The International Monetary Fund predicts that the Israeli economy's growth rate will reach 4.8% in 2011, compared to a previous forecast of 3.8%. The 2012 growth rate forecast, however, was cut to 3.6% compared to a previous outlook of 4.8%.
The figures were published in the September edition of the organization's world outlook ahead of the IMF meeting in Washington.
Israel's inflation rate is expected to rise to 3.4% this year due to the wave of price hikes, some stemming from taxes. In 2012, inflation is expected to drop to 1.6% - within the government's target range of 1-3%.

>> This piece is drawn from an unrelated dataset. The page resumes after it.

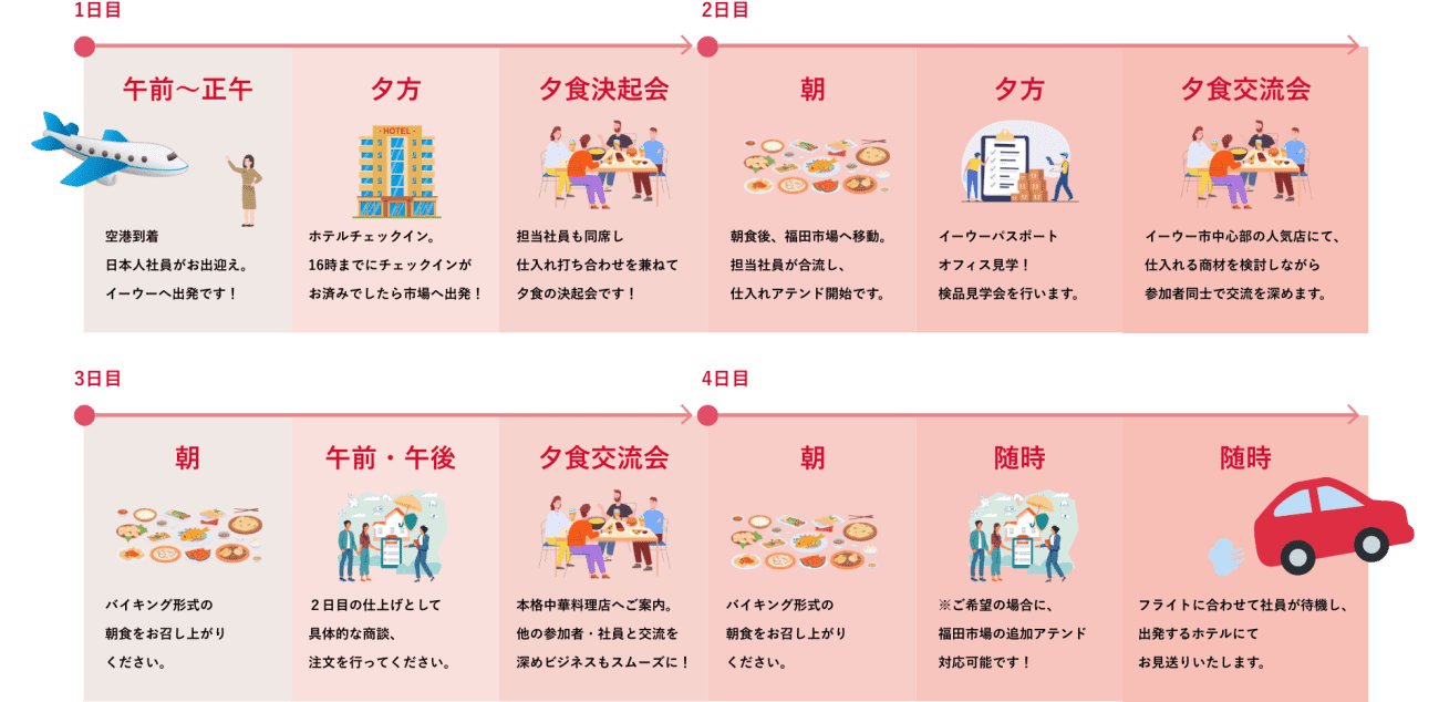 イーウーまでの直行便はございません。上海浦東国際空港まで中国イーウー駐在の日本人社員が待ち合わせ場所から随行します。中国滞在中は全て日本語でサポートいたしますので、お客様は仕入れ業務にご専念ください。※杭州発着プランは専属ドライバー送迎のみとなります。
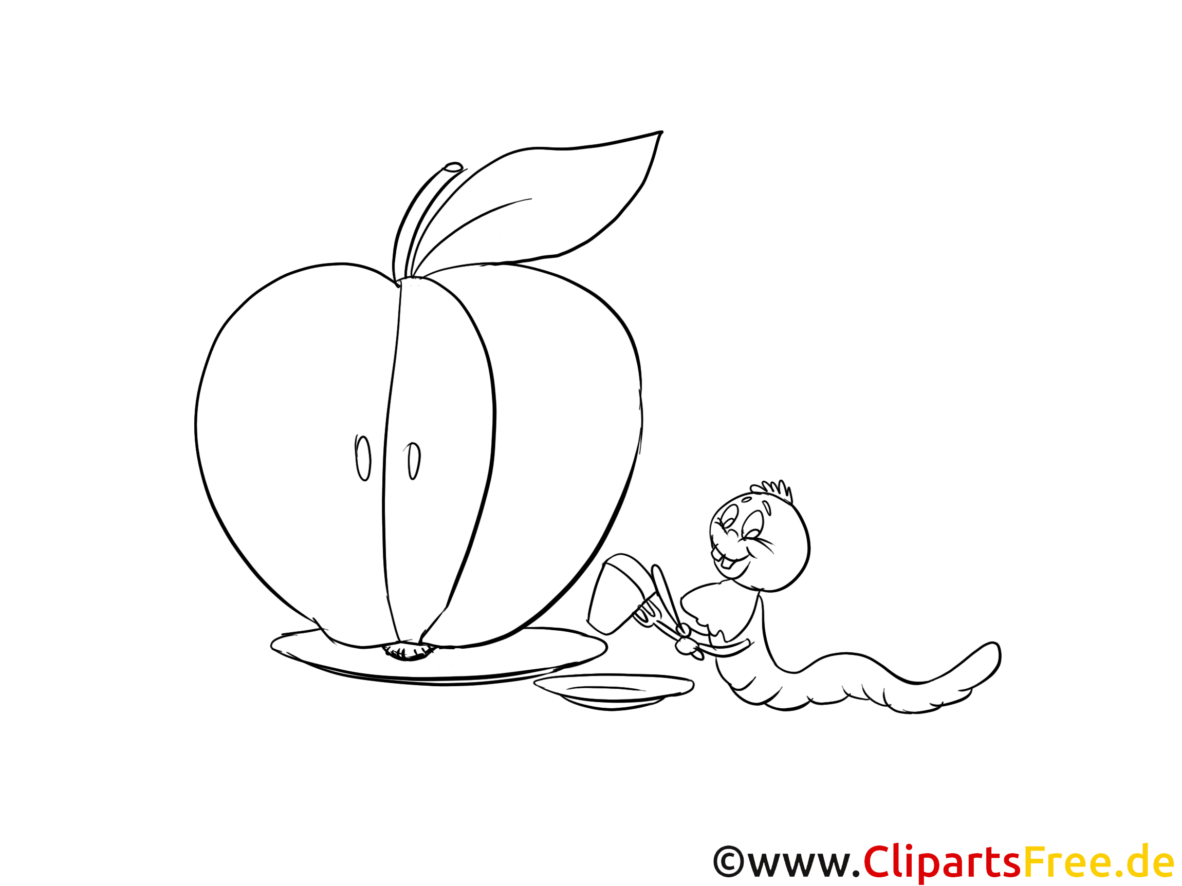 Aufgeschnittener Apfel auf dem Teller Bild zum Ausmalen

Unemployment is expected to drop from a 6.7% average in 2010 to a 5.9% average this year and to a 5.8% average in 2012. The IMF's appears to be mistaken in this forecast, as Israel's unemployment rate has already dropped to 5.5% this year, and the average is expected to stand at 5.6% if there are no dramatic changes.
According to the report, the global economy will suffer from the renewed financial crisis in the United States and the European debt crisis. "Global activity has weakened and has become more unbalanced. Downside risks have intensified," the IMF stated.
The report cut the world growth outlook to 4% in 2011 and 2012, compared to a previous forecast of 4.5% for 2012.
Prime Minister Benjamin Netanyahu welcomed Israel's higher growth forecast, noting that "this is another expression for the government's responsible and successful management of Israel's economy, and we are committed to continue this policy."